I don’t often drink liquor because it gets me too drunk too fast, but Jim convinced me to try one of the restaurant’s signature cocktails. I decided on the Clara Bow, which contained butterfly pea flower liqueur (whatever that is), pineapple and lemon juice.

My drink was absolutely delicious – it was citrusy and a tad sour, but not overly so. I could have easily downed three more if I wasn’t trying to pace myself. 

Lukas had the Mary Pickford (rum, pineapple juice, luxardo and grenadine) and the Havana Mojito (rum, lime juice, simple syrup and mint), and both of those were very tasty as well. I thought the Clara Bow was the best, though, so that’s my official recommendation.

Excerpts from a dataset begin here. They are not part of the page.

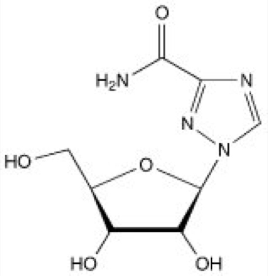 Ribavirins, Virazol, als Antimetabolit wirkendes Virostatikum ( vgl. Abb. ), ein Analogon zu dem natürlich vorkommenden Ribonucleosid Guanosin; wird vor allem zur Behandlung schwerer Infektionen der unteren Atemwege, die durch das Respiratory Syncytial Virus (RSV) hervorgerufen werden, verwendet. Das breite Wirkspektrum umfaßt neben Herpesviren, Adenoviren, Arenaviren (Lassa-Fieber), Bunyaviren, Reoviren, Influenzaviren und RSV (Paramyxoviren) und anderen auch HIV (AIDS). Wie DDC und DDI (Dideoxyinosin) wird Ribavirin intrazellulär in seinen aktiven Metaboliten umgewandelt, der verschiedene Virusenzyme (u.a. die RNA-Polymerase) hemmt und durch Veränderung des mRNA-Cappings die Translation stört.
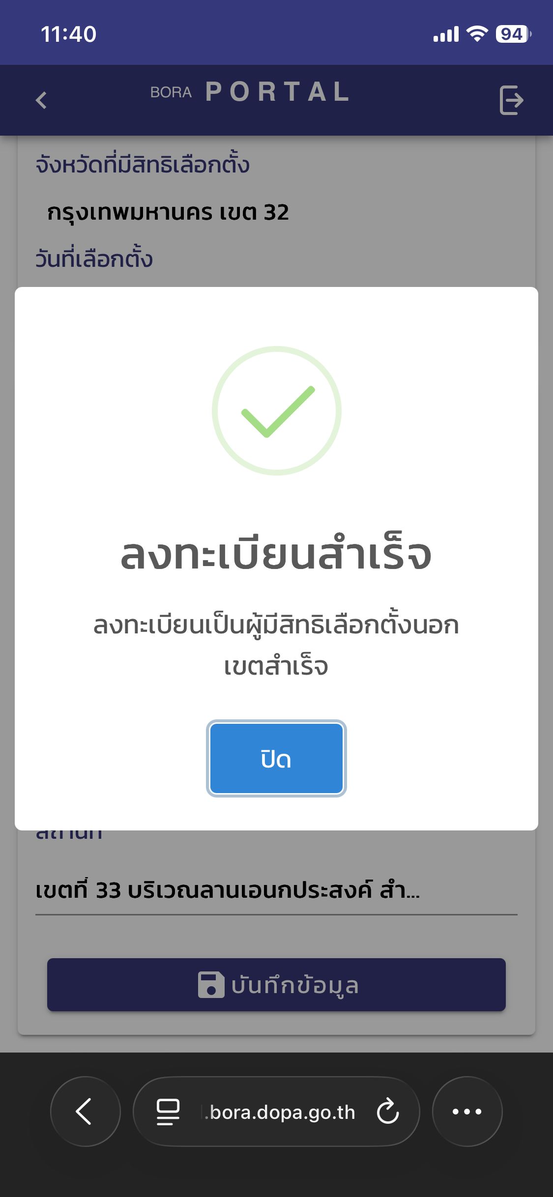 5. ในส่วนขอลงทะเบียนผู้มีสิทธิเลือกตั้งด้านล่าง กดเลือกพื้นที่จังหวัด ต่อด้วยเขตหรืออำเภอ จากนั้นเลือกสถานที่ (กรณีไม่มีสถานที่ขึ้น ต้องเปลี่ยนเขตพื้นที่ใหม่) แล้วกดบันทึก เสร็จสิ้นขั้นตอนการลงทะเบียน
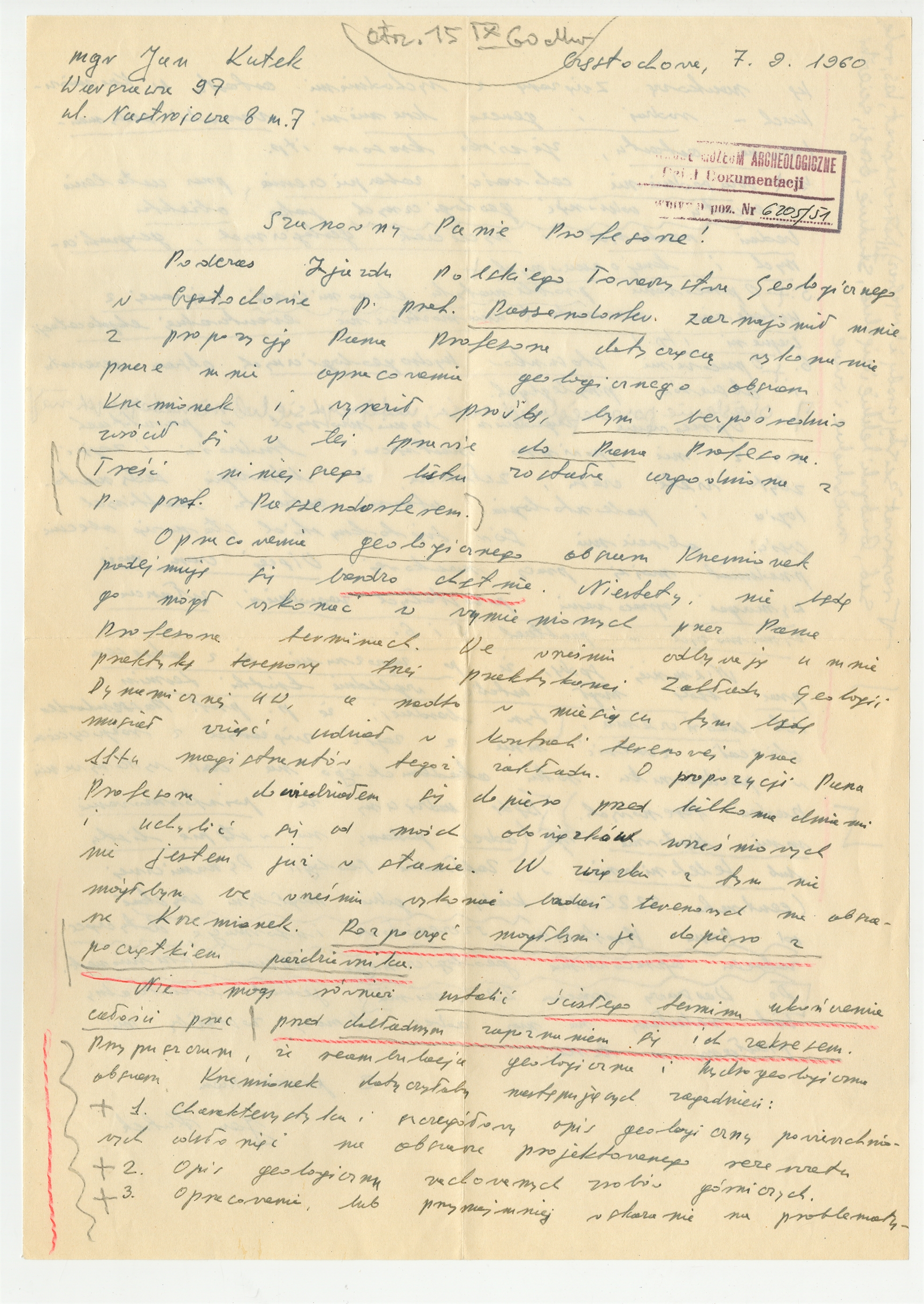 Rękopis - list Jana Kutka do Stefana Krukowskiego z dnia 7.9.1960 roku

The restaurant offers a handful of prologues (appetizers), ranging from a charcuterie board to a breaded schnitzel, but we decided on the Pickle & Pig – a platter of small pieces of pork belly on toothpicks with pickle chips, drizzled with a sweet-ish bourbon sauce.

Photo by Madeline Phaby | The Miami Student

The Pickle & Pig

I’m not usually a big pork person, but this dish was really good. The pork belly was tender, and the sweetness of the sauce complemented the pickles well. The Pickle & Pig was Lukas’ favorite part of the whole meal, too – he almost ordered us another serving, but I restrained him.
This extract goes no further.